Figure 5. The GSEA interface. The control panel on the left (e.g. Steps in GSEA analysis) provides quick access to the most common actions. The main window displays the Home tab by default. Each control panel action typically opens a new tab in the main window. Open in new window


Ranked gene list

This is the output from the previous step.

Ranks (.rnk)

Gene set database

This is the human gene set database culled from various sources, generated by the Bader lab (Human_GOBP_AllPathways_no_GO_iea_February_01_2017_symbol.gmt).

Gene Set Database (.gmt)

Let us assume you have installed the GSEA software and placed the input files in an input directory. Then you should now have a directory structure similar to the following.

|--- input
|    |
|    |--- brca_hd_tep_ranks.rnk
|    |--- Human_GOBP_AllPathways_no_GO_iea_February_01_2017_symbol.gmt


Here we will step through four tasks that we will need to perform within the GSEA software that will generate our enrichment reports.

1. Load data files

In this part we get our inputs into GSEA. In the Steps in GSEA analysis panel (Figure 5, left) click the Load data button which will bring up a panel in the main window (Figure 6).

  1. Browse for files... then Choose the ranked gene list
  2. Browse for files... then Choose the gene set database file


Figure 6. Load data tab. To bring up this tab, click the Load data button in the control panel Steps in GSEA analysis.
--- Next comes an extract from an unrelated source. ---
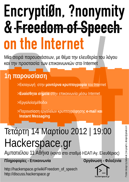Παρουσιάσεις με θέμα την ανωνυμία στο Διαδίκτυο, την ελευθερία του λόγου αλλά και την προστασία των επικοινωνιών στο Internet πρόκειται να πραγματοποιηθούν την Τετάρτη 14 Μαρτίου και ώρα 19:00, στον πολύ όμορφο χώρο του Hackerspace.gr στην Αθήνα.

Wait a few seconds for the files to load into memory. You will receive a pop-up dialog if the file was successfully loaded. You will also see the files in the Object cache panel of the Load data tab.

2. Settings

We now tell GSEA what these files actually represent and tailor the GSEA run accordingly. Bring up the GSEA pre-ranked tab by selecting GseaPreranked from the Tools panel and fill in the details for the Required and Basic fields (Figure 7).

  • Required fields
    • Gene sets database: Click the ellipsis and wait a few moments for a dialog to pop up. Navigate to Gene matrix (local gmx/gmt) (click arrow along top). Select the gene set database that you obtained above (.gmt file)
    • Collapse dataset to gene symbols: False
      • This option is a vestige of microarray technology where an additional step was necessary to match array probes/spots to a single gene identifier.
  • Basic fields
    • Analysis name: Choose a name for this particular run of GSEA
    • Save results in this folder: Choose one


Figure 7. The GSEA Pre-ranked tab. Select Tools in the menu dropdown, then GseaPreranked to bring up the Run GSEA on a Pre-Ranked gene list tab.

3. Run GSEA

Click Run in the Run Gsea on a Pre-Ranked gene list tab. The GSEA reports panel (Figure 5, bottom left) will show the Name of this run and the Status as Running while in progress.

  • Typical run times

    • Mac: MacBook Air (Early 2015), 2.2 GHz Intel Core i7, 8 GB 1600 MHz DDR3, OS X El Capitan (10.11.6) ~ 10 minutes

4. Post-GSEA

Take a look at the directory you set for Save results in this folder. The default location is gsea_home in your user space. You should see something like the following:

|--- input
|    |
|    |--- brca_hd_tep_ranks.rnk
|    |--- Human_GOBP_AllPathways_no_GO_iea_February_01_2017_symbol.gmt
|--- gsea_home
    |--- output
        |--- monthDay
            |--- tep_brca_vs_hd.GseaPreranked.XXXXXXXXXXXXX
                |--- index.html
                |--- pos_snapshot.html
                |--- neg_snapshot.html
                |--- gsea_report_for_na_pos_XXXXXXXXXXXXX.xls
                |--- gsea_report_for_na_neg_XXXXXXXXXXXXX.xls
                |--- my_analysis.GseaPreranked.XXXXXXXXXXXXX.rpt
GSEA report

When the GSEA software has completed its analysis, the Status inside the GSEA reports panel will update to Success ... (Figure 5, bottom left). You may click this link to view the HTML report inside a browser (Figure 8). Alternatively, open the index.html file located in the GSEA results directory in a browser.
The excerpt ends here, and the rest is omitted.